The Colombian mountain grackle was formally described in 1840 with the binomial Quiscalus sub-alaris. Some early twentieth century authors treated it and what is now the golden-tufted mountain grackle (M. imthumi) as conspecific. They are now the only members of genus Macroagelaius and form a superspecies.

The Colombian mountain grackle is monotypic.

==Description==

The Colombian mountain grackle is 27 to 30 cm long. It is slender and has a long tail. The sexes have the same plumage. Adults are almost entirely black overlain with a blue gloss. Their axillaries and underwing coverts are dark chestnut; this color is seldom visible in the field. They have a dark brown iris, a black bill, and black legs and feet. Juveniles are dusky brown with less gloss and chestnut than adults.

==Distribution and habitat==

The Colombian mountain grackle is found on the western slope of the northern part of Colombia's Eastern Andes in Norte de Santander, Santander, and Boyacá departments. It inhabits humid montane forest heavy with epiphytes. It especially favors forest of the oak Quercus humboldtii. Sources differ slightly on its elevational range. One says it is 1900 to 3100 m and another says 2000 to 3200 m.

==Behavior==
===Movement===

The Colombian mountain grackle is believed to be a year-round resident.

===Feeding===

The Colombian mountain grackle's diet has not been fully described but is known to include insects, other arthropods, and berries. It forages among leaves and epiphytes, typically between about 15 and 30 m above the ground. It roams in flocks with yellow-rumped caciques (Cacicus cela) and sometimes in flocks that include several icterids and members of other bird families.

===Breeding===

The Colombian mountain grackle breeds between May and September. It does not breed in colonies but is a cooperative breeder with up to five adults in a group. Group members build the nest, an open cup made from plant materials such as leaves and fibers. It is typically in an oak tree between about 5 and 10 m above the ground. Many nests are partially hidden in living vegetation or clumps of leaf litter. The clutch size, incubation period, and time to fledging are not known. Group members provision nestlings but other details of care are not known.

===Vocalization===

The Colombian mountain grackle's song is "variable, sometimes starting with low clicks and buzzing notes, followed by series of different warbled or whistled motifs, each one usually repeated 2–4 times". Its repetitive pattern has been likened to the song of a mockingbird (Mimus).

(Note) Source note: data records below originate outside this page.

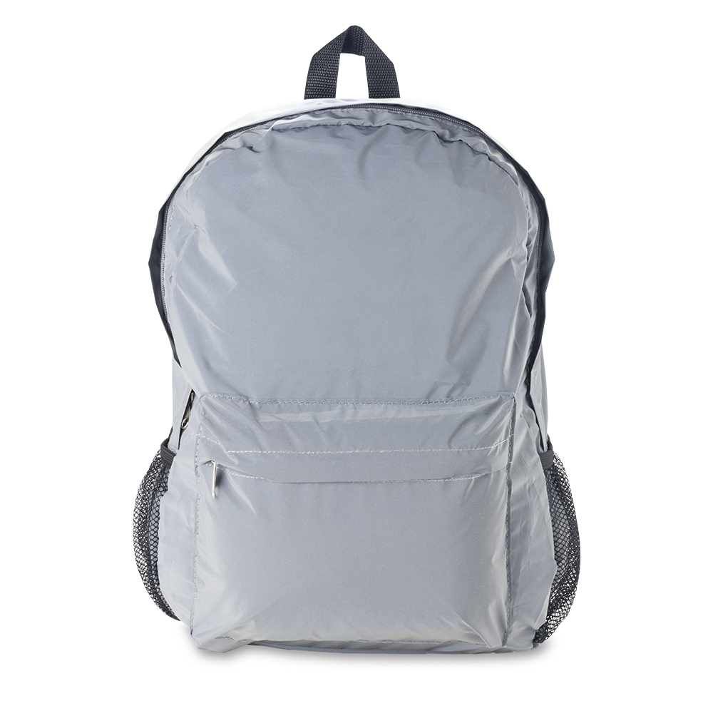 Morral backpack en poliester reflectivo con dos bolsillos y dos bolsillos de malla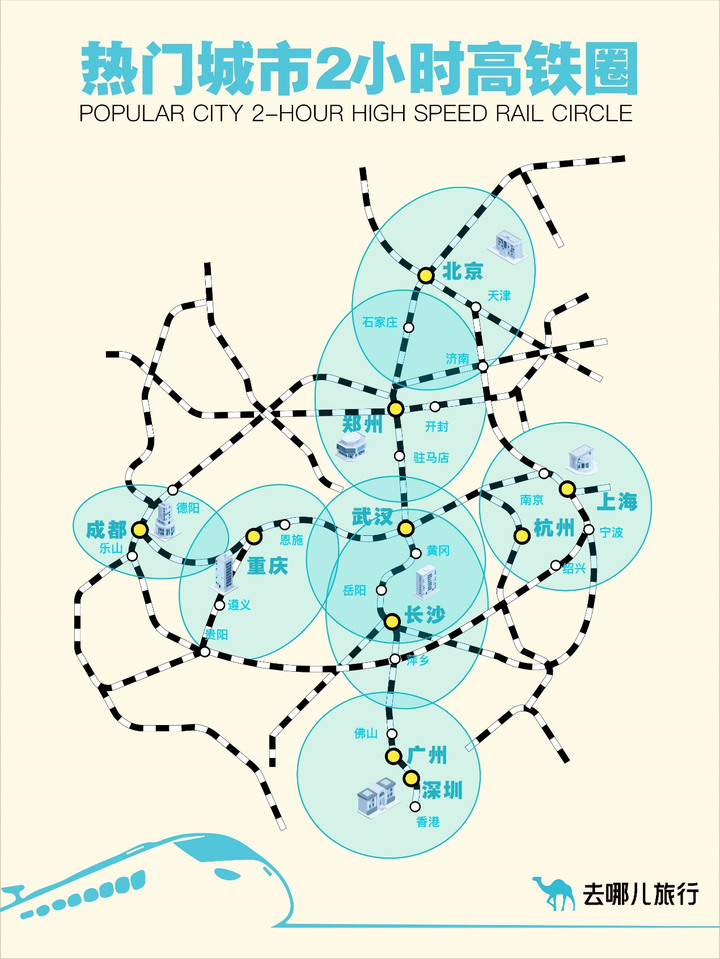 去哪儿火车票预约情况显示,2小时高铁圈内仍是旅客出游的主要目的地。北京2小时高铁圈内,热门目的地为天津、济南、石家庄、秦皇岛、大同;上海2小时高铁圈,热门目的地为杭州、苏州、南京、湖州、宁波。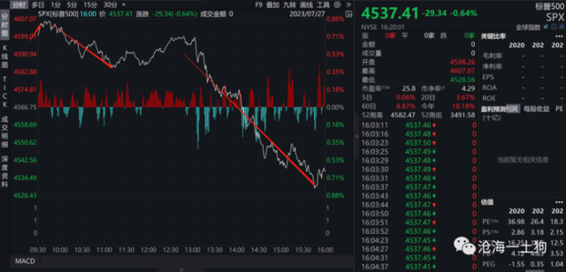 昨天的美股向我们展现了两股力量的拉扯,经济数据超预期,风险偏好上升,使得美股高开;但是,欧元贬值的力量不断地抽走美元,产生了很强的紧缩效应,又使得美股回落。最后,紧缩效应实在是太强了,标普500指数收跌0.64%。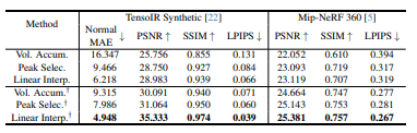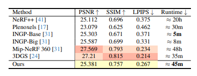 Table 2. Mip-NeRF 360에서의 정량적 비교(Quantitative Comparison):

Its calls include "sharp check and chuip notes".

==Status==

The IUCN originally in 1994 assessed the Colombian mountain grackle as Near Threatened, then in 2000 as Critically Endangered, and since 2007 as Endangered. It has a very small and fragmented range and its estimated population of between 600 and 1700 mature individuals is believed to be decreasing. The principle threat is destruction of its preferred oak forest for timber, mining access, and conversion to pasture and agriculture. A field guide to Colombian birds calls it uncommon. It does occur in a few national parks and other protected areas.